Search code examples
pythonpython-3.xstringpython-re

Get data from a string


I have a string that contains player 1's nickname, player 1's profile link, player 2's nickname, player 2's profile link, weapons. I need to get this data from the line below

[ex.endermen](profile_url1) got killed by [og.[(Z)]arcus(0.43k/d)](profile_url2) (FN Evolys, 56.83m)

I need to get the data and output it in the format

print(f"name1 = {name1}") print(f"name1_url = {name1_url}") print(f"name2 = {name2}") print(f"name2_url = {name2_url}")

is there a way to get all the information correctly, provided that the string can change to this

[ex.endermen](profile_url1) got killed by [og.[(Z)]arcus(0.43k/d)](profile_url2) (FN Evolys, 56.83m)

or [ex.endermen](profile_url1) got killed by [platina](profile_url2) (FN Evolys, 56.83m) ?

I tried to do it in multiple ways using regular expressions, but I got the same result which did not satisfy me

 name_weapon_pattern = r"\[(.*?)\].*\((.*?)\).*\((.*),.*\)"
 name_weapon_match = re.search(name_weapon_pattern, string)

 url_pattern = r"\((.*?)\)"
 url_match = re.findall(url_pattern, string)
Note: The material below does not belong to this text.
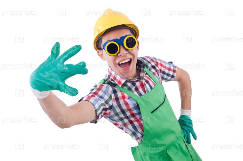 Смешной строительный рабочий, изолированный на белом фоне

 name1 = name_weapon_match.group(1)
 name1_url = name_weapon_match.group(2)
 name2 = name_weapon_match.group(3)
 name2_url = url_match[1]

 print(f"name1 = {name1}")
 print(f"name1_url = {name1_url}")
 print(f"name2 = {name2}")
 print(f"name2_url = {name2_url}")

result:

name1 = og.[(Z)
name1_url = name2_url
name2 = FN Evolys
name2_url = 0.43k/d

Solution

  • I agree with @shadowranger that regex is probably not the optimal tool for this use case. But anyway there is my solution using named_groups:

    import re
    
    p = re.compile(r"\[(?P<name1>.*?)\]\((?P<name1_url>.*?)\).*?\[(?P<name2>.*?)\]\((?P<name2_url>.*?)\)\s\((?P<weapons>.*)\)$")
    
    text = '[ex.endermen](profile_url1) got killed by [og.[(Z)]arcus(0.43k/d)](profile_url2) (FN Evolys, 56.83m)'
    
    p.match(text).groupdict()
    
    # outputs
    # {'name1': 'ex.endermen',
    #  'name1_url': 'profile_url1',
    #  'name2': 'og.[(Z)]arcus(0.43k/d)',
    #  'name2_url': 'profile_url2',
    #  'weapons': 'FN Evolys, 56.83m'}
    
    text = '[ex.endermen](profile_url1) got killed by [platina](profile_url2) (FN Evolys, 56.83m)'
    
    p.match(text).groupdict()
    
    # outputs
    # {'name1': 'ex.endermen',
    #  'name1_url': 'profile_url1',
    #  'name2': 'platina',
    #  'name2_url': 'profile_url2',
    #  'weapons': 'FN Evolys, 56.83m'}
    
    # you can access individual groups with
    m = p.match(text)
    m["name1"]
    # > 'ex.endermen'
    

    The problem with nested brackets can be solved using recursive pattern (which is not supported in re, you would need to use regex), but in this case we can find the name2 by matching ]( characters. This obviously breaks when the name2 contains this sequence.